Gudenas Brian L, Srivastava Anand K, Wang Liangjiang
Department of Genetics and Biochemistry, Clemson University, Clemson, South Carolina, United States of America.
J.C. Self Research Institute of Human Genetics, Greenwood Genetic Center, Greenwood, South Carolina, United States of America.
PLoS One. 2017 May 31;12(5):e0178532. doi: 10.1371/journal.pone.0178532. eCollection 2017.
Genetic studies have identified many risk loci for autism spectrum disorder (ASD) although causal factors in the majority of cases are still unknown. Currently, known ASD risk genes are all protein-coding genes; however, the vast majority of transcripts in humans are non-coding RNAs (ncRNAs) which do not encode proteins. Recently, long non-coding RNAs (lncRNAs) were shown to be highly expressed in the human brain and crucial for normal brain development. We have constructed a computational pipeline for the integration of various genomic datasets to identify lncRNAs associated with ASD. This pipeline utilizes differential gene expression patterns in affected tissues in conjunction with gene co-expression networks in tissue-matched non-affected samples. We analyzed RNA-seq data from the cortical brain tissues from ASD cases and controls to identify lncRNAs differentially expressed in ASD. We derived a gene co-expression network from an independent human brain developmental transcriptome and detected a convergence of the differentially expressed lncRNAs and known ASD risk genes into specific co-expression modules. Co-expression network analysis facilitates the discovery of associations between previously uncharacterized lncRNAs with known ASD risk genes, affected molecular pathways and at-risk developmental time points. In addition, we show that some of these lncRNAs have a high degree of overlap with major CNVs detected in ASD genetic studies. By utilizing this integrative approach comprised of differential expression analysis in affected tissues and connectivity metrics from a developmental co-expression network, we have prioritized a set of candidate ASD-associated lncRNAs. The identification of lncRNAs as novel ASD susceptibility genes could help explain the genetic pathogenesis of ASD.
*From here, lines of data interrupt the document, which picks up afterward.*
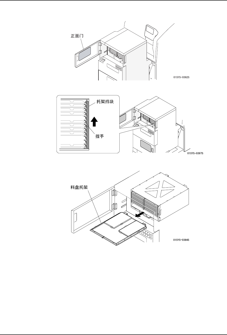QD142-06 4. 生产 NXT II 系统手册 73 1. 打开料盘单元 -LT 的正面门 . 请打开上层的门。 2. 请拿住捏手,抬起托架挡块。 3. 从料槽 12 内取出料盘托架。 4. 请按下操作面板的 OK 按钮。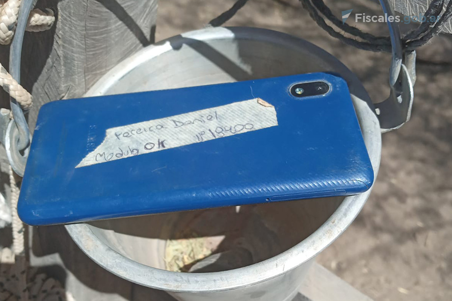El balde y el teléfono. Foto: Gendarmería Nacional.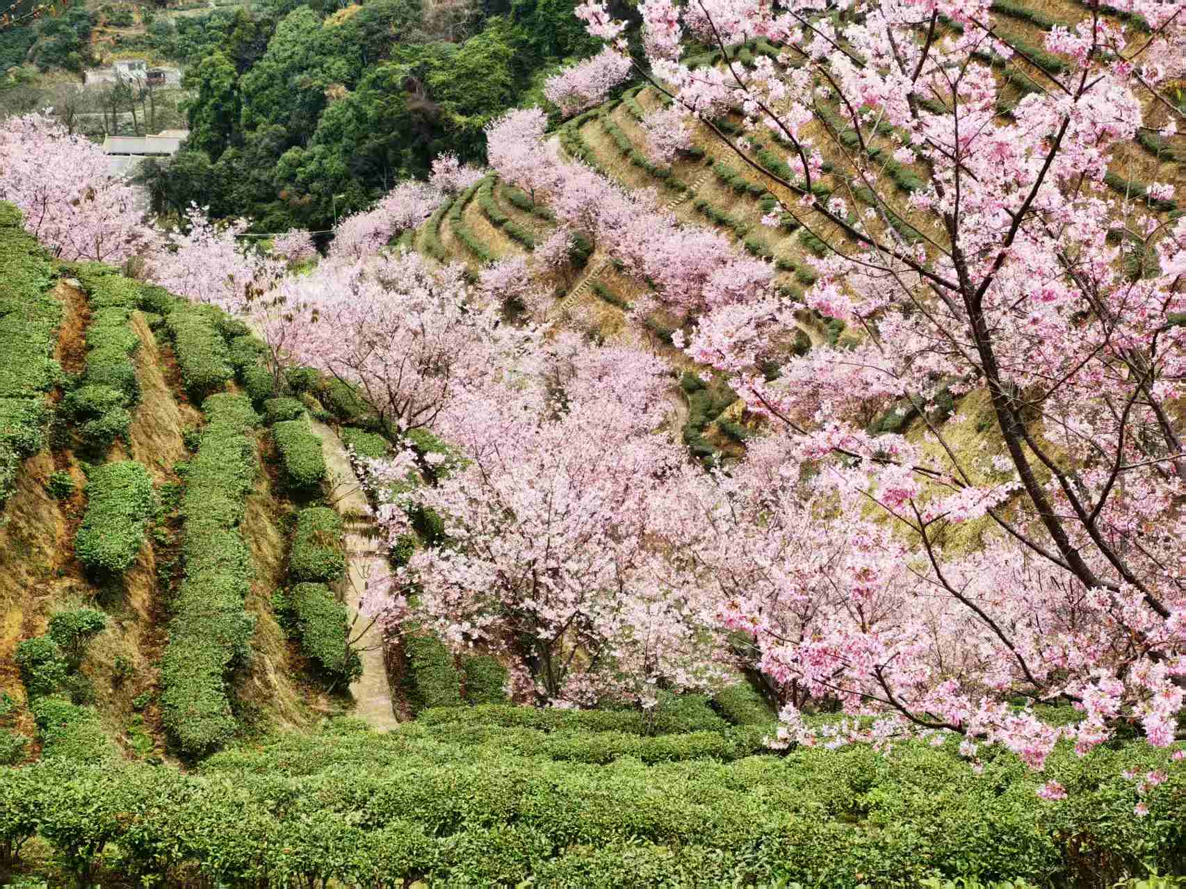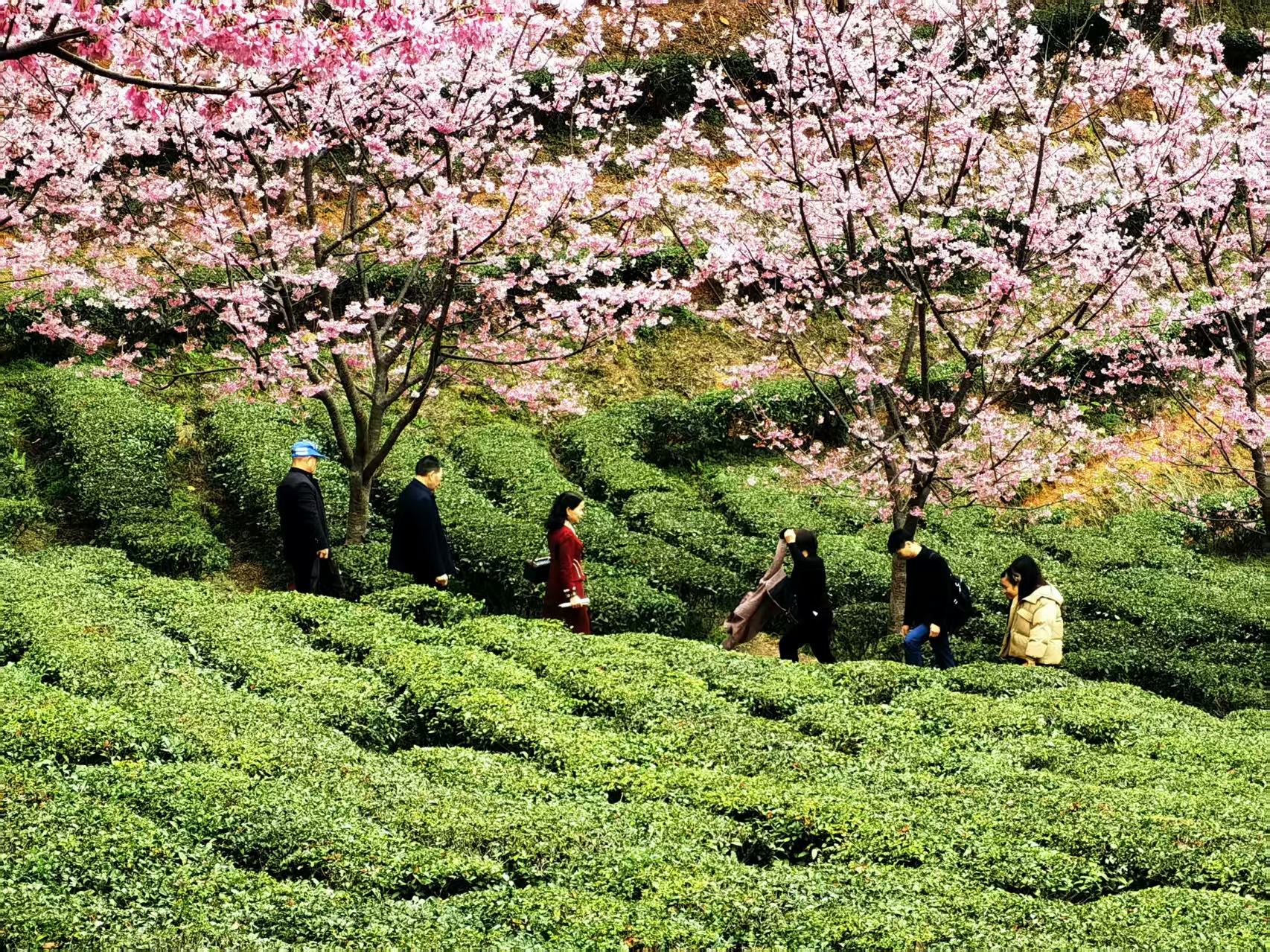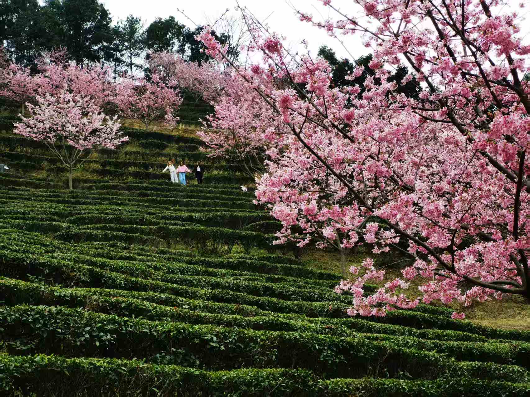 网红打卡点推荐:樱花观景台(俯瞰茶田樱花全景)、樱花小径(花瓣铺路,适合人像拍摄)。建议穿着白色、淡粉、浅绿或汉服等浅色系服装,与粉色花海形成温柔对比。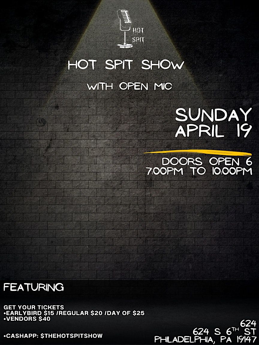 The hot spit show hits the live stage.The show opens up with an open mic, rooted in spoken word poetry but other art forms are welcomed. Then the featured artist pours their heart on stage. Throughout the night we'll have two hot spit challengers as well. if you are unfamiliar with the hot spit challenge, Artist will eat a hot chip and then perform for the crowd while their mouth is on fire. if you’re not scared you can sign up to take the challenge too. It’s your chance to prove that what you spit is fire. this is a show that you won’t want to miss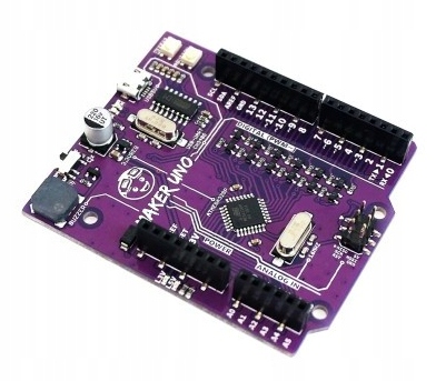 Cytron Maker Uno to płytka zgodna z Arduino UNO, oparta na popularnym mikrokontrolerze ATmega328P w wersji SMD z rodziny AVR. Do dyspozycji użytkownika jest 14 linii I/O, 6 kanałów PWM, 6 wejść analogowych oraz interfejsy komunikacyjne (UART, SPI, I2C). Układ CH340G realizuje komunikację przez interfejs USB. Dodatkowo na płyce znalazło się 12 diod LED, programowalny przycisk oraz wbudowany buzzer.

基因研究已经确定了许多自闭症谱系障碍(ASD)的风险位点,尽管大多数情况下的致病因素仍然未知。目前,已知的ASD风险基因都是蛋白质编码基因;然而,人类中的绝大多数转录本是非编码RNA(ncRNA),它们不编码蛋白质。最近,长链非编码RNA(lncRNA)被证明在人类大脑中高度表达,并且对正常大脑发育至关重要。我们构建了一个计算流程,用于整合各种基因组数据集,以识别与ASD相关的lncRNA。该流程利用受影响组织中的差异基因表达模式,结合组织匹配的未受影响样本中的基因共表达网络。我们分析了来自ASD病例和对照的大脑皮质组织的RNA测序数据,以识别在ASD中差异表达的lncRNA。我们从一个独立的人类大脑发育转录组中推导了一个基因共表达网络,并检测到差异表达的lncRNA和已知的ASD风险基因汇聚到特定的共表达模块中。共表达网络分析有助于发现以前未表征的lncRNA与已知的ASD风险基因、受影响的分子途径和风险发育时间点之间的关联。此外,我们表明其中一些lncRNA与ASD基因研究中检测到的主要拷贝数变异(CNV)有高度重叠。通过利用这种由受影响组织中的差异表达分析和发育共表达网络的连接性指标组成的综合方法,我们对一组候选的ASD相关lncRNA进行了优先级排序。将lncRNA鉴定为新的ASD易感基因有助于解释ASD的遗传发病机制。